**Aim of the exercise**
Beginning at the top of the data below, write out every line exactly until you reach the line with "You can also", and include that line.
---
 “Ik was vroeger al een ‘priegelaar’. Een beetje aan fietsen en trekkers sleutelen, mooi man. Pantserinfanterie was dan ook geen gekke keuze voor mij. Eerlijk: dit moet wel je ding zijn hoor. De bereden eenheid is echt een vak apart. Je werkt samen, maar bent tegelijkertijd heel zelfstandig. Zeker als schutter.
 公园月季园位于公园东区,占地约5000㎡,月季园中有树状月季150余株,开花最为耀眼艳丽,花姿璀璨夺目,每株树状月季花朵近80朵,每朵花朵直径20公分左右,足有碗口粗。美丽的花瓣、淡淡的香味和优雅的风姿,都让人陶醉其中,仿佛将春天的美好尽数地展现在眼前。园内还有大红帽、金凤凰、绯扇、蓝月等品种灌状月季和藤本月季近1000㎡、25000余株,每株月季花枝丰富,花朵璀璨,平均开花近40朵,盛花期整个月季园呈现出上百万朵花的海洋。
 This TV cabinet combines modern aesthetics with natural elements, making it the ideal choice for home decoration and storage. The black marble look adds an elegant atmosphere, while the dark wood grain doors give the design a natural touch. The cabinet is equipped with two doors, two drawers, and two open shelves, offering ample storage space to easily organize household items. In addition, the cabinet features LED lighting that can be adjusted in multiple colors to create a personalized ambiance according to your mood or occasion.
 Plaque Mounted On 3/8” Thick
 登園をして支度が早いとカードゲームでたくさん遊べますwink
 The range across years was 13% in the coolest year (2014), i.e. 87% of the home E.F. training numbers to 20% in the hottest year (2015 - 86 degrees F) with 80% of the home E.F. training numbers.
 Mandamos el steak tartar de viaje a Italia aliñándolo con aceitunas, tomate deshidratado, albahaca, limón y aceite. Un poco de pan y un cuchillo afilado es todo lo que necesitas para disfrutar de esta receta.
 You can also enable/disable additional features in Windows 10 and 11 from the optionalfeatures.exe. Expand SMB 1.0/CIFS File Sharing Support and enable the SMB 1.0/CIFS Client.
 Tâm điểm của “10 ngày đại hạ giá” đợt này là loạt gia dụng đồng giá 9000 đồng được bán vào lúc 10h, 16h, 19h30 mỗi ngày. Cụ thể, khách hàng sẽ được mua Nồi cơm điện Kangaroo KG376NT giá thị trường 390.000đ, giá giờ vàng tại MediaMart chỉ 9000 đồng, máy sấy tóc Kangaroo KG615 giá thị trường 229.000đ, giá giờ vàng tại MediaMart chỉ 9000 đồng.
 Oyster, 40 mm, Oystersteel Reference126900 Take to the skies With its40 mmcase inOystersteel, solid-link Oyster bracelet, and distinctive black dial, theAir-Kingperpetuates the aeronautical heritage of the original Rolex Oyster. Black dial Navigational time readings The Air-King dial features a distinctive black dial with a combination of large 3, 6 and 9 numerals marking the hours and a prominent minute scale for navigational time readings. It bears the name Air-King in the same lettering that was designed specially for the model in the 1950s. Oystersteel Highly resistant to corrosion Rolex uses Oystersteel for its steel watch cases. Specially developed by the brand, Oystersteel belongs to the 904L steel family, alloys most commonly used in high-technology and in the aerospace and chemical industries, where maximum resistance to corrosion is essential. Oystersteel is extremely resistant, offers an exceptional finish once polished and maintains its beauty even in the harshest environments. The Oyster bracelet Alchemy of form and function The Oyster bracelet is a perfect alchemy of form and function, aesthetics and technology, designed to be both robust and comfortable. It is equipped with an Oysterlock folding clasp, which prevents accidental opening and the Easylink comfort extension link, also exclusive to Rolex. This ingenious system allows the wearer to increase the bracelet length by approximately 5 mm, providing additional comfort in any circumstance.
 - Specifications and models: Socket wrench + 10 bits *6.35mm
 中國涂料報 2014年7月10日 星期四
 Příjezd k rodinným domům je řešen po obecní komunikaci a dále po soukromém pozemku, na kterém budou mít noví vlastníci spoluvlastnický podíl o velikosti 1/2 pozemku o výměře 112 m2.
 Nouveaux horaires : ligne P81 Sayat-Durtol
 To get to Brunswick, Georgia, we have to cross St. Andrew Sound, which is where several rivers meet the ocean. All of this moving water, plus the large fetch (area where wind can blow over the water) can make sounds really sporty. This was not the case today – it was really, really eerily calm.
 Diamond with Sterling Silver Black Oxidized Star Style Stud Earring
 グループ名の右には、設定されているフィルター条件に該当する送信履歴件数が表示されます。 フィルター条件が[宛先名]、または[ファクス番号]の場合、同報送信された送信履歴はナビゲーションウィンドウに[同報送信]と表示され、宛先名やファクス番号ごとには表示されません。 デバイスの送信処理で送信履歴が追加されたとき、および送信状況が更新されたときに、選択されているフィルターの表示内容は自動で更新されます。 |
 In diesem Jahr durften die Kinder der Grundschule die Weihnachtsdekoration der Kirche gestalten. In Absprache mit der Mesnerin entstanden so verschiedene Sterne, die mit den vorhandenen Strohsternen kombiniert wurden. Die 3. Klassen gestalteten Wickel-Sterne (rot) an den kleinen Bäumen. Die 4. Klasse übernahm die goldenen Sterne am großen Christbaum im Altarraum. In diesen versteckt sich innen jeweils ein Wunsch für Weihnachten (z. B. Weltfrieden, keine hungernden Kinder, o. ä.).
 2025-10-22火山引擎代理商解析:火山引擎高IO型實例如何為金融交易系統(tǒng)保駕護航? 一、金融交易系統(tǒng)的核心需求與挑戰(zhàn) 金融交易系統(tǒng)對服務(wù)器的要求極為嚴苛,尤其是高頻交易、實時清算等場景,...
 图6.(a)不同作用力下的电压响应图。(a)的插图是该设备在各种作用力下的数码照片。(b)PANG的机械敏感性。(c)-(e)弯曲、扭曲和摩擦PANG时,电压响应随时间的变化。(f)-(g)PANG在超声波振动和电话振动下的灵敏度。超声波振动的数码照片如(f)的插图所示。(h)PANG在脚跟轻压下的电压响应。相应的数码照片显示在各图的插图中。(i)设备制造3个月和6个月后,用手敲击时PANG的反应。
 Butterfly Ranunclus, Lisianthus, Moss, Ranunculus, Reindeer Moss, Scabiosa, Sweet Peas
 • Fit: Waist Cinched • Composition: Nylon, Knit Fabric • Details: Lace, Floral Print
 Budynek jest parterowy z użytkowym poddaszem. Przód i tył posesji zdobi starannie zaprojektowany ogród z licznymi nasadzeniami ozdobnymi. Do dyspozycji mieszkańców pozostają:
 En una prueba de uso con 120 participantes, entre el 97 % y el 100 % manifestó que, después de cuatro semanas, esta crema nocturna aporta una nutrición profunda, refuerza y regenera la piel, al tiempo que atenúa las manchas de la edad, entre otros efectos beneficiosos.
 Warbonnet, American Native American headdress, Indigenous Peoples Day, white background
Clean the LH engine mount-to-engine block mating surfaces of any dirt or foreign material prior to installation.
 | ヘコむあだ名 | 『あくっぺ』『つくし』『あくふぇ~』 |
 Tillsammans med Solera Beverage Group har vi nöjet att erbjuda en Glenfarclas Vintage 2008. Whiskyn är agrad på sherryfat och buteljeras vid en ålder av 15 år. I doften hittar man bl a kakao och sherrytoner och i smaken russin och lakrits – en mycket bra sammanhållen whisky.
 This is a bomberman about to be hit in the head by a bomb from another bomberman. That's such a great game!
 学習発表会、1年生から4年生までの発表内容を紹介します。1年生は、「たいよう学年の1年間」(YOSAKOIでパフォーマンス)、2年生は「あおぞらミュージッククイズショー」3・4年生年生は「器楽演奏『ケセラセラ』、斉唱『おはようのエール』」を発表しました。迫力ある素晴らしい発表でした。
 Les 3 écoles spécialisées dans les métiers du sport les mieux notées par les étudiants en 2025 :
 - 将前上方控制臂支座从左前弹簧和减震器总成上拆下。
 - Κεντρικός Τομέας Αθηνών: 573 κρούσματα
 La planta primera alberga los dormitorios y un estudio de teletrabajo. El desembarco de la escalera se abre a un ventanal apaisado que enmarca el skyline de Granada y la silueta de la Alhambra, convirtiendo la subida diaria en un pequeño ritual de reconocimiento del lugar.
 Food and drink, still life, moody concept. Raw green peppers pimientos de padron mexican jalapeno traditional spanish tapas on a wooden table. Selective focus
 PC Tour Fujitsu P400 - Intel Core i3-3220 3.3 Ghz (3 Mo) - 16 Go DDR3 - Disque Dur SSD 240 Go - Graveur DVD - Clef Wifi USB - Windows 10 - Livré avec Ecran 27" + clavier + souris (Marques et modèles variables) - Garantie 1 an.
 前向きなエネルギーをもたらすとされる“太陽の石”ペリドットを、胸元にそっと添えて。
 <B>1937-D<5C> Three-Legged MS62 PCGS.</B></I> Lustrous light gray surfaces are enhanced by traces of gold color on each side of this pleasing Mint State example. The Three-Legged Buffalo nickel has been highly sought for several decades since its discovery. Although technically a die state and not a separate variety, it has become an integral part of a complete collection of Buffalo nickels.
---
**Reply**
 “Ik was vroeger al een ‘priegelaar’. Een beetje aan fietsen en trekkers sleutelen, mooi man. Pantserinfanterie was dan ook geen gekke keuze voor mij. Eerlijk: dit moet wel je ding zijn hoor. De bereden eenheid is echt een vak apart. Je werkt samen, maar bent tegelijkertijd heel zelfstandig. Zeker als schutter.
 公园月季园位于公园东区,占地约5000㎡,月季园中有树状月季150余株,开花最为耀眼艳丽,花姿璀璨夺目,每株树状月季花朵近80朵,每朵花朵直径20公分左右,足有碗口粗。美丽的花瓣、淡淡的香味和优雅的风姿,都让人陶醉其中,仿佛将春天的美好尽数地展现在眼前。园内还有大红帽、金凤凰、绯扇、蓝月等品种灌状月季和藤本月季近1000㎡、25000余株,每株月季花枝丰富,花朵璀璨,平均开花近40朵,盛花期整个月季园呈现出上百万朵花的海洋。
 This TV cabinet combines modern aesthetics with natural elements, making it the ideal choice for home decoration and storage. The black marble look adds an elegant atmosphere, while the dark wood grain doors give the design a natural touch. The cabinet is equipped with two doors, two drawers, and two open shelves, offering ample storage space to easily organize household items. In addition, the cabinet features LED lighting that can be adjusted in multiple colors to create a personalized ambiance according to your mood or occasion.
 Plaque Mounted On 3/8” Thick
 登園をして支度が早いとカードゲームでたくさん遊べますwink
 The range across years was 13% in the coolest year (2014), i.e. 87% of the home E.F. training numbers to 20% in the hottest year (2015 - 86 degrees F) with 80% of the home E.F. training numbers.
 Mandamos el steak tartar de viaje a Italia aliñándolo con aceitunas, tomate deshidratado, albahaca, limón y aceite. Un poco de pan y un cuchillo afilado es todo lo que necesitas para disfrutar de esta receta.
 You can also enable/disable additional features in Windows 10 and 11 from the optionalfeatures.exe. Expand SMB 1.0/CIFS File Sharing Support and enable the SMB 1.0/CIFS Client.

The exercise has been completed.